How was everyone’s weekend? I hauled the twins around in a little red wagon until I thought I was going to have a heart attack.

It was the longest three minutes of my life.

But enough about my fit and active lifestyle. Also worth mentioning is the baby shower I dragged Doc to on Saturday. One of my best friends in the entire world is expecting and is just silly enough to assume I won’t steal her adorable newborn and raise it as my own, so she invites me to her social events. It was a fantastic time, even though Doc was standoffish as usual, prompting some to ask..

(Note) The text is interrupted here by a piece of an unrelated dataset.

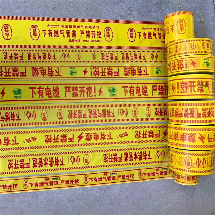 我公司专业生产各用户所需的多种规格电力地埋式警示带、燃气管道地埋式警示带、编织布地埋警示带,并具有使用方便、粘性强、耐候性好,等特点,深受广大用户欢迎,各项性能指标均达到或超过产品行业标准。

“Does he always growl like that?”

“We don’t get out much.”

“Why’s that?”

“I blog.”

“I didn’t know you were Swedish.”

Milling around and loading up on free food aside, I feel as though I should share some wisdom I’ve gathered from the many baby showers I’ve attended and taken advantage of dozens of free cupcakes at. I’ve put together a quick gift-giving guide for that special, swollen, haven’t-seen-her-because-she-lives-in-the-bathroom lady in your life.

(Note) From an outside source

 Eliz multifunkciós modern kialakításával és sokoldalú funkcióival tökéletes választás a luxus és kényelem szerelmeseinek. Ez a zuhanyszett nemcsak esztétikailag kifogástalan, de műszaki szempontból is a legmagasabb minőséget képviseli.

Top Ten Worst Gifts to Give at a Baby Shower

 

 

  1. ‘Dry clean only’ baby outfits
  2. Diaper cakes you shellacked so they’ll stay that way forever (it took a lot of time to balance those Luvs, especially because the margaritas made everything all wavy).
  3. “I’m 99% sure he’s my daddy” onesies
  4. Solar powered baby monitors
  5. “Do It Yourself Baby Blanket Knitting Kit: Needles sold separately”
  6. “My Baby Can Draw!” permanent marker set
  7. Diaper Genie refills you made yourself after finding a tutorial on Pinterest.
  8. Baby bathtub made from upcycled milk jugs and whatever’s left from the Diaper Genie refill project
  9. Lowrise, hip-hugger jeans emblazoned with, “Mommy” on the back pockets
  10. A sleep mask and dream interpretation journal

To my knowledge, no one gave my friend any of these things, but, to be fair, that seventh cupcake was a little distracting.